8 O custo de capital é um termo usado no campo do investimento financeiro para se referir ao custo dos fundos de uma empresa (tanto de dívida e patrimônio). Além disso é o mínimo de retorno que os investidores esperam para fornecer capital para a empresa. Para um investimento valer a pena, o retorno esperado sobre o capital deve ser maior do que o custo de capital. O custo de capital é a taxa de retorno que o capital poderia ser esperado para ganhar em um investimento alternativo de risco equivalente. A ideia principal do WACC é que o custo de capital vem de duas fontes, tanto da dívida quanto do patrimônio liquido. Desse modo existe uma proporção ótima dívida/patrimônio liquido para que a empresa maximize o seu desempenho. O custo da dívida é relativamente simples de calcular, uma vez que é composta pela taxa de juros pagos. Na prática, a taxa de juros paga pela empresa pode ser modelado como a taxa livre de risco, mais um componente de risco (prêmio de risco), que se incorpora uma taxa provável de default. Uma vez que na maioria dos casos despesa da dívida é uma despesa dedutível, o custo da dívida é calculado como um custo fiscal depois de torná-lo comparável com o custo do capital. Assim, para as empresas rentáveis, a dívida é descontada pela taxa de imposto. A fórmula pode ser escrita como (taxa de Rf + risco de crédito) (1-T), onde T é a taxa de imposto sobre as sociedades e Rf é a taxa livre de risco. Enquanto isso, o custo do capital do acionista é o retorno que o dono da empresa possui em segurar esse investimento. Uma vez que o custo da dívida e custo de capital próprio foram determinadas, a sua mistura, o custo médio ponderado do capital (WACC), pode ser calculada. Este WACC pode então ser usado como uma taxa de desconto para os fluxos de caixa projetados de um projeto. Exemplo (Randon)

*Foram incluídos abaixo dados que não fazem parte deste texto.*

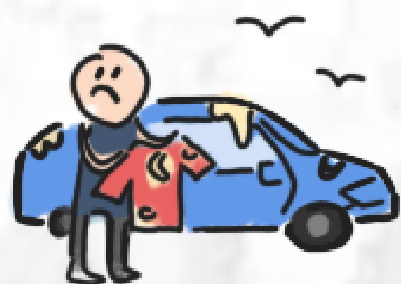
Pigeons defecating on your laundry or vehicle?

9 3)Indicadores Após estudar a parte qualitativa e fazer o valuation da empresa, o uso de indicadores ajudam na análise geral da empresa. Dificilmente, a observação isolada de um indicador de solvência, por exemplo, irá nos dizer a saúde financeira da empresa. Nesse sentido, é importante analisar a atividade, endividamento, as margens, a alavancagem, entre outros pontos. Sempre que for analisar os indicadores da empresa, o analista tem que comparar com os indicadores dos concorrentes para ver performance da companhia. Exemplos de indicadores Explicação de alguns dos principais indicadores vistos: Returno on Equity (ROE): este indicador é o lucro liquido da empresa sobre o patrimônio liquido. Retorno on Asset (ROA): é o lucro liquido da empresa sobre os seus ativos. Margem de Lucro: é o lucro liquido sobre a receita. Giro do Ativo: é o tamanho das receitas sobre o valor dos ativos. Alavancagem financeira: valor dos ativos sobre o patrimônio líquido da empresa.

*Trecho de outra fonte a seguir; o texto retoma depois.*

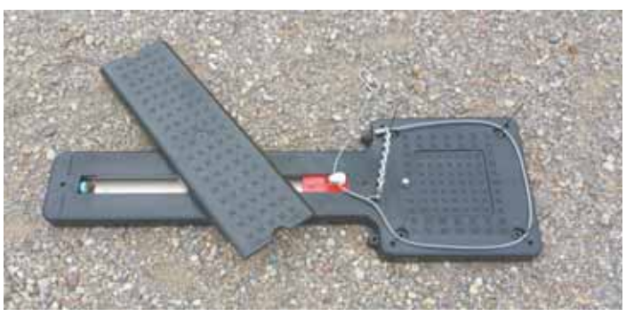
Select-A-Catch foot snare can be set for the weight of the animal to be caught. A 12-in. square tension pad with a 6-in. square trigger at the center activates the snare.

10 Margem EBITDA: é o lucro antes de pagamento de juros, impostos, depreciação e amortização sobre a receita da companhia. Preço/Lucro: é o preço da empresa como um todo dividido pelo lucro líquido. Em quantos anos o lucro da empresa vai se igualar ao quanto ela vale no mercado. EV/EBITDA: é o valor da empresa para os acionistas sobre o poder de geração de caixa da empresa. 4)Mitos sobre avaliação de empresas Assim como várias outras áreas de estudo, o valuation desenvolveu uma série de mitos ao longo do tempo em que após o estudo feito, chegamos a conclusões diferentes: 1. Quanto mais detalhada a avaliação de empresa for, mais correta é a sua avaliação: Um Valuation é um processo com várias etapas e muitas delas dependem da subjetividade do analista. Pelo fato do valuation carregar muitas premissas, isso pode levar a erros finais. Portanto, o mais recomendável é que apenas detalhar as linhas de previsão apenas quando tiver convicção nas premissas feitas. Um valuation simples pode resultar em um valor mais próximo do justo que um valuation complexo. 2. Um valuation bem feito sempre vai acarretar no preço de mercado: Um valuation de uma empresa possui muitas premissas e elas variam entre os analistas. Desse modo, uma mesma análise pode ser considerada conservadora ou otimista, dependendo da pessoa. Dificilmente o valor justo encontrado será o preço visto no mercado. Conclusões O estudo teórico permitiu uma maior compreensão do modo em que as empresas brasileiras listadas em bolsa são analisadas. Foi possível realizar aplicações do método para vários vistos por analistas. O método mais usado por analistas de empresa vêm da escola fundamentalista, o chamado fluxo de caixa descontado. Este é considerado o método mais completo porém devido ao grande número de premissas adotadas, o processo de análise se torna muito subjetivo e o valor justo encontrado pelos analistas podem variar enormemente de acordo com as percepções de risco e o perfil da analise. Referências 1 - POVOA, Alexandre de. Valuation, Como precificar ações. ELSEVIER p , p , p PEEK, Erik de. Business analysis and valuation, IFRS edition, CENGAGE LEARNING, P COPELAND, Tom de Valuation Measuring and managing the value of companies, Second edition, Mc Kinsey & Company.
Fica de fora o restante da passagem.